> Raw data:

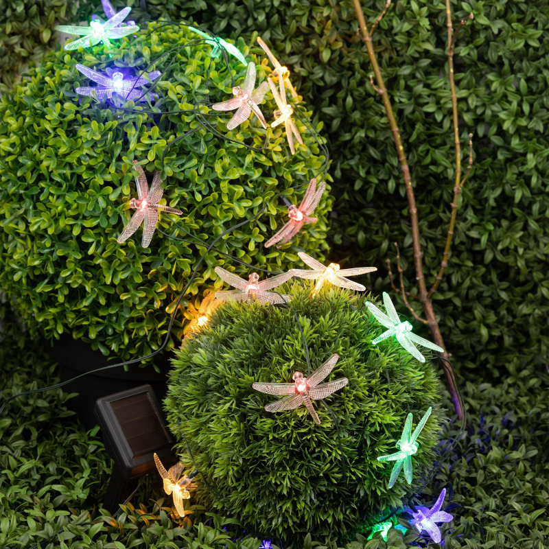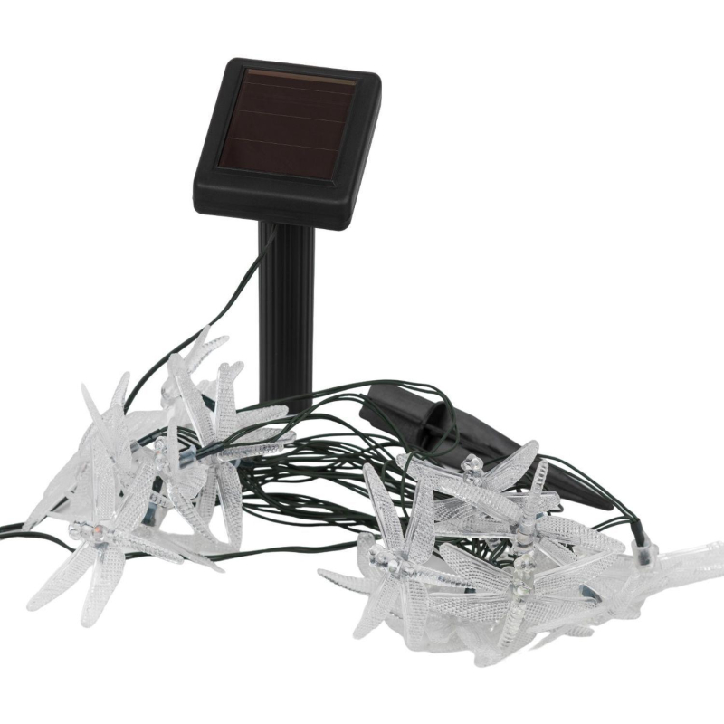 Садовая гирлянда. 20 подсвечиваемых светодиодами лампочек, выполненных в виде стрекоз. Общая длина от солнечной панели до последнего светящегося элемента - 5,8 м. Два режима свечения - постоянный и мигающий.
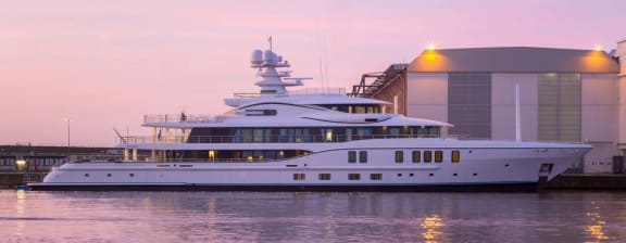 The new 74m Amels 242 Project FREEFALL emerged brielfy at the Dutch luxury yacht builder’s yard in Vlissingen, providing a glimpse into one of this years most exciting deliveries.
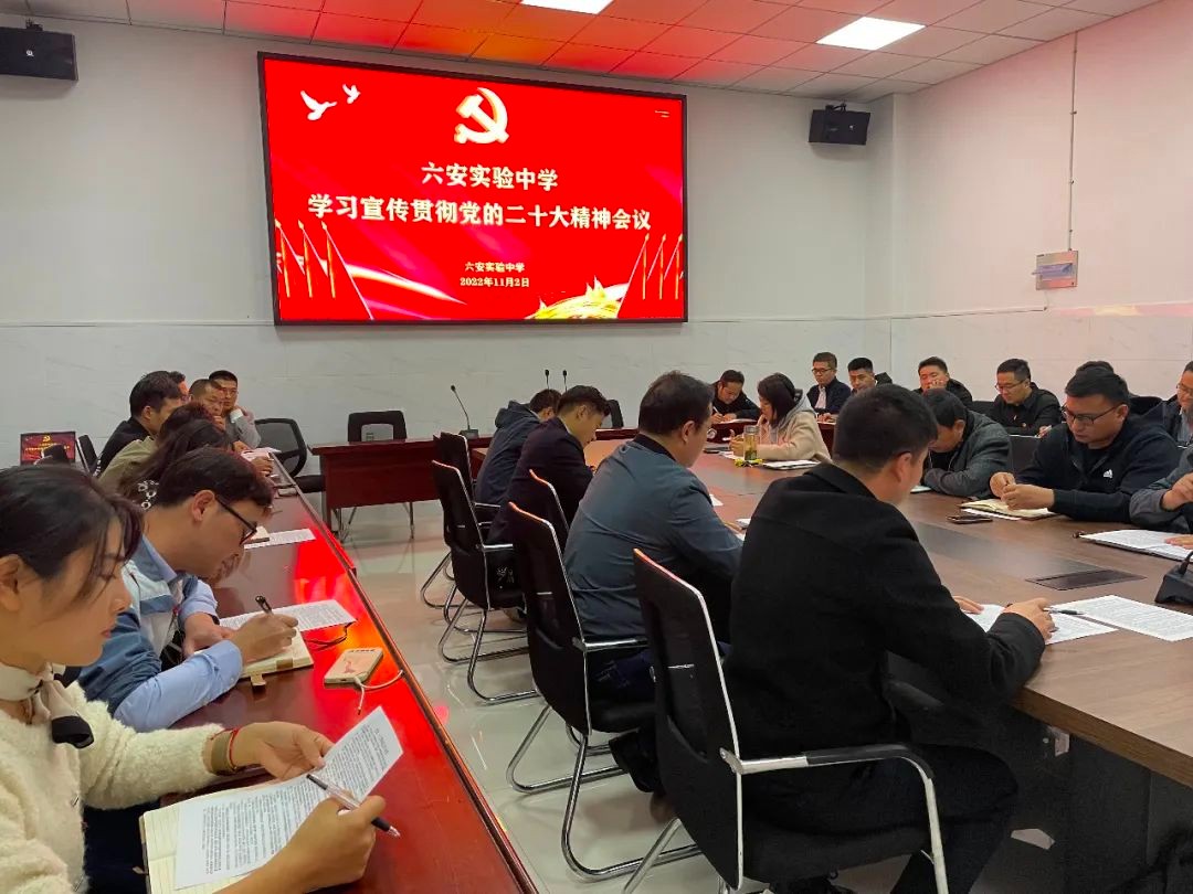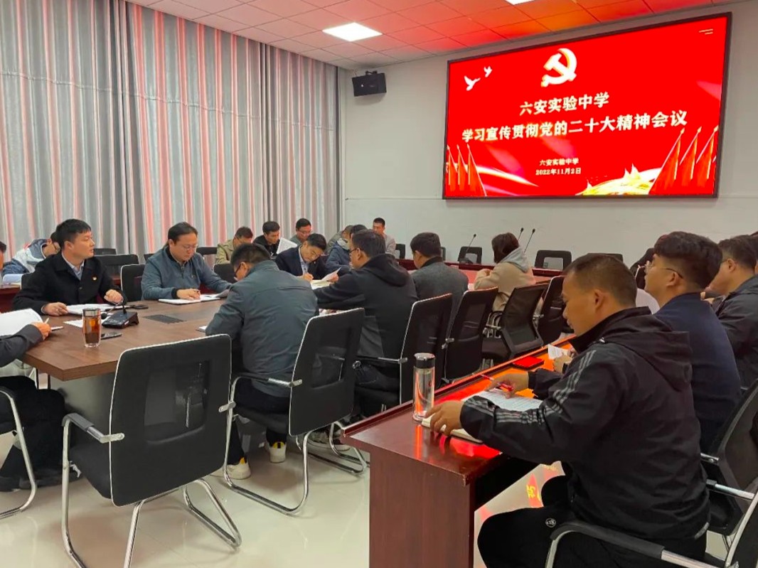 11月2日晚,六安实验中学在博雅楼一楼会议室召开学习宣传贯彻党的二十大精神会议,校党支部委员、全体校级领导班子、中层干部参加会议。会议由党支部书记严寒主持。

> To do: Apart from the images, please copy every line of the data exactly as written.

> Exercise output:
 Садовая гирлянда. 20 подсвечиваемых светодиодами лампочек, выполненных в виде стрекоз. Общая длина от солнечной панели до последнего светящегося элемента - 5,8 м. Два режима свечения - постоянный и мигающий.
 The new 74m Amels 242 Project FREEFALL emerged brielfy at the Dutch luxury yacht builder’s yard in Vlissingen, providing a glimpse into one of this years most exciting deliveries.
 11月2日晚,六安实验中学在博雅楼一楼会议室召开学习宣传贯彻党的二十大精神会议,校党支部委员、全体校级领导班子、中层干部参加会议。会议由党支部书记严寒主持。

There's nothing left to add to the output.